[WORK INSTRUCTION]: Could you repeat the data word for word while skipping the pictures?

[DATASET SECTION]:
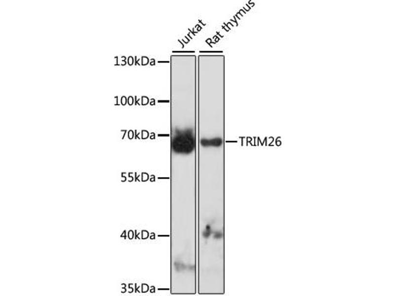 The protein encoded by this gene is a member of the tripartite motif (TRIM) family. The TRIM motif includes three zinc-binding domains, a RING, a B-box type 1 and a B-box type 2, and a coiled-coil region. The protein localizes to cytoplasmic bodies. Although the function of the protein is unknown, the RING domain suggests that the protein may have DNA-binding activity. The gene localizes to the major histocompatibility complex (MHC) class I region on chromosome 6. Alternatively spliced transcript variants encoding the same protein have been found for this gene.,TRIM26,AFP,RNF95,ZNF173,Epigenetics & Nuclear Signaling,TRIM26
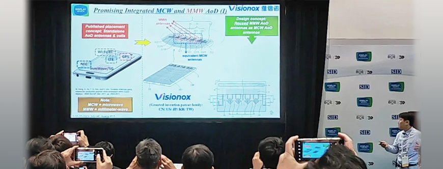 On May 21, 2023 (local time), the SID Display Week 2023 kicked off in Los Angeles. Using a bright-screen demo, Visionox presented its self-developed industry-leading dual-band dual-polarized 5G millimeter-wave antenna-on-display (AoD) integrated into an AMOLED display with a touch function. Dr. Huan-Chu Huang (IET Fellow), head of the antenna design team of Visionox, delivered a speech titled Antenna-on-Display (AoD): Role, Main Requirements, and Promising Antenna Evolution at the "On-screen Radio Frequency and Antenna Application" session.
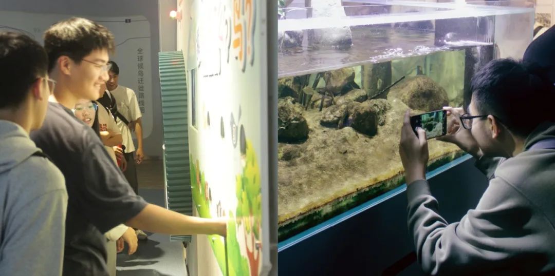 除了科普內(nèi)容外,展廳提供形式多樣的趣味互動(dòng),比如能召喚候鳥(niǎo)的房間,判斷候鳥(niǎo)能否吃哪種食物的轉(zhuǎn)盤(pán),動(dòng)物看世界的體驗(yàn)區(qū)……最有趣當(dāng)數(shù)河流濕地生態(tài)系統(tǒng)、濱海濕地生態(tài)系統(tǒng)。通過(guò)真實(shí)再現(xiàn)濕地水域情況,完全展示凈化原理,社員們對(duì)于濕地生態(tài)系統(tǒng)概念及構(gòu)成、濕地鳥(niǎo)類種類及生存情況、濕地生態(tài)保護(hù)修復(fù)有了新的認(rèn)識(shí),理解濕地在“碳中和”“碳達(dá)峰”建設(shè)過(guò)程中的重要作用。

[EXPECTED ANSWER]:
 The protein encoded by this gene is a member of the tripartite motif (TRIM) family. The TRIM motif includes three zinc-binding domains, a RING, a B-box type 1 and a B-box type 2, and a coiled-coil region. The protein localizes to cytoplasmic bodies. Although the function of the protein is unknown, the RING domain suggests that the protein may have DNA-binding activity. The gene localizes to the major histocompatibility complex (MHC) class I region on chromosome 6. Alternatively spliced transcript variants encoding the same protein have been found for this gene.,TRIM26,AFP,RNF95,ZNF173,Epigenetics & Nuclear Signaling,TRIM26
 On May 21, 2023 (local time), the SID Display Week 2023 kicked off in Los Angeles. Using a bright-screen demo, Visionox presented its self-developed industry-leading dual-band dual-polarized 5G millimeter-wave antenna-on-display (AoD) integrated into an AMOLED display with a touch function. Dr. Huan-Chu Huang (IET Fellow), head of the antenna design team of Visionox, delivered a speech titled Antenna-on-Display (AoD): Role, Main Requirements, and Promising Antenna Evolution at the "On-screen Radio Frequency and Antenna Application" session.
 除了科普內(nèi)容外,展廳提供形式多樣的趣味互動(dòng),比如能召喚候鳥(niǎo)的房間,判斷候鳥(niǎo)能否吃哪種食物的轉(zhuǎn)盤(pán),動(dòng)物看世界的體驗(yàn)區(qū)……最有趣當(dāng)數(shù)河流濕地生態(tài)系統(tǒng)、濱海濕地生態(tài)系統(tǒng)。通過(guò)真實(shí)再現(xiàn)濕地水域情況,完全展示凈化原理,社員們對(duì)于濕地生態(tài)系統(tǒng)概念及構(gòu)成、濕地鳥(niǎo)類種類及生存情況、濕地生態(tài)保護(hù)修復(fù)有了新的認(rèn)識(shí),理解濕地在“碳中和”“碳達(dá)峰”建設(shè)過(guò)程中的重要作用。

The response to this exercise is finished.